[[ Data records open ]]
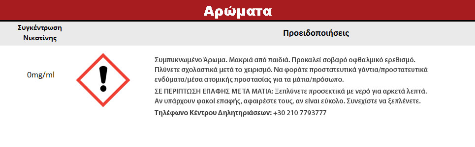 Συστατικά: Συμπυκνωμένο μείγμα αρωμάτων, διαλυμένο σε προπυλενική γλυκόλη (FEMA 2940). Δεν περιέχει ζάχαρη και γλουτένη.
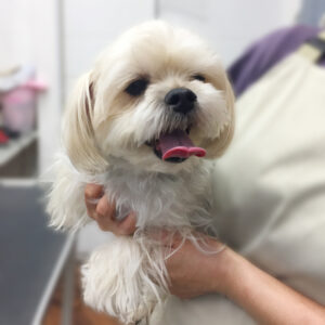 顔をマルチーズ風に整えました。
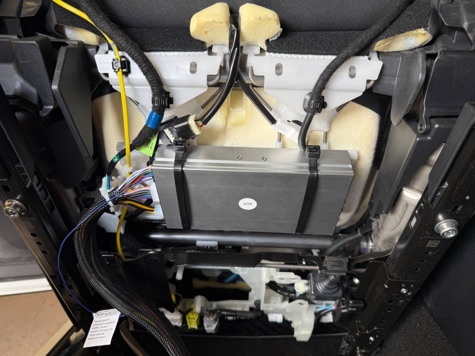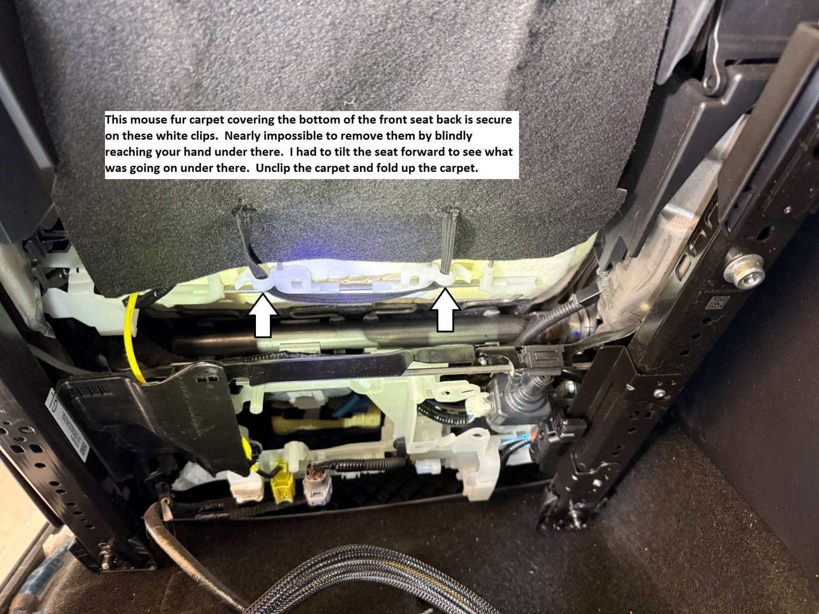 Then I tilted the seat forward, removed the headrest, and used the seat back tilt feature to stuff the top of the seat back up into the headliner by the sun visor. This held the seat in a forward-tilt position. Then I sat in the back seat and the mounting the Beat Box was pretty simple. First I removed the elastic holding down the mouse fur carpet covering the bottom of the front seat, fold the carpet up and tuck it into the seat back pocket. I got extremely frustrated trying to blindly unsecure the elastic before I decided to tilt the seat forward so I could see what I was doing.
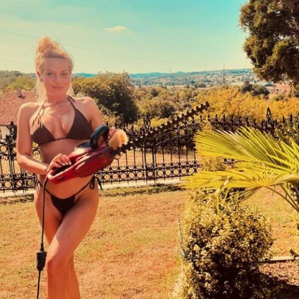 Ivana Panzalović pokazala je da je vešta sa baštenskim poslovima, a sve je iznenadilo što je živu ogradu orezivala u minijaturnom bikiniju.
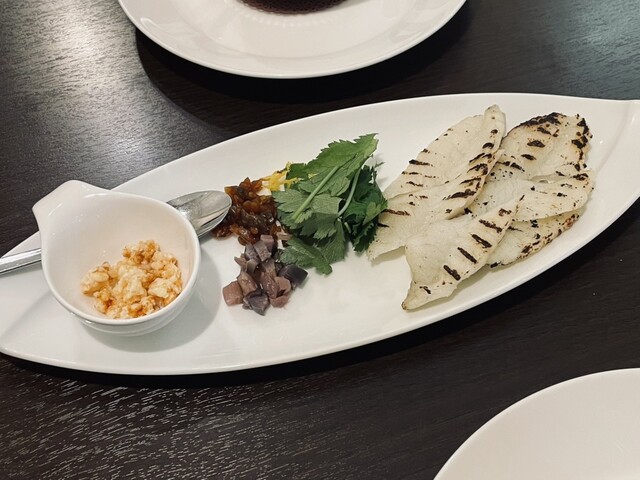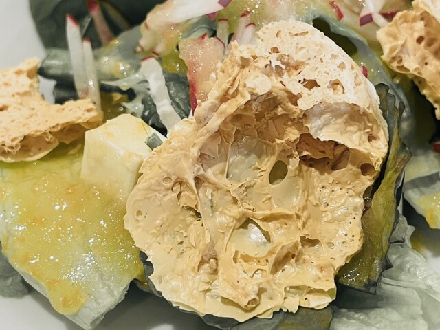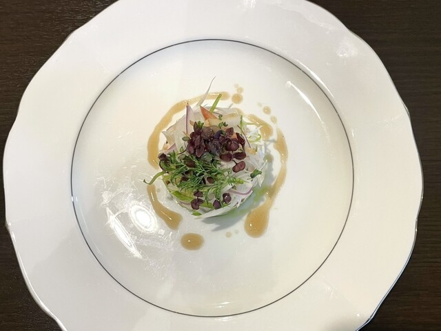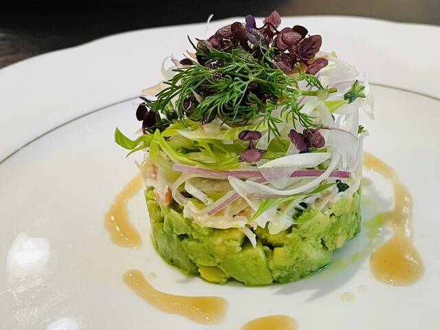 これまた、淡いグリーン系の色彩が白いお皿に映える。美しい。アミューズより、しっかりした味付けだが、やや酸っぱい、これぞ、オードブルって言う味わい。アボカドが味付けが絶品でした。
[[ Data records closed ]]
[[ Data records open ]]
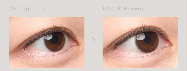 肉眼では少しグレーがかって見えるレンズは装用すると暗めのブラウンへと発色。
[[ Data records closed ]]
Task item: For this exercise, reproduce exactly the lines of the records above from the one with "Συστατικά: Συμπυκνωμένο μείγμα" up to and including the one with "顔をマルチーズ風に整えました。", without pictures.

Your solution:
 Συστατικά: Συμπυκνωμένο μείγμα αρωμάτων, διαλυμένο σε προπυλενική γλυκόλη (FEMA 2940). Δεν περιέχει ζάχαρη και γλουτένη.
 顔をマルチーズ風に整えました。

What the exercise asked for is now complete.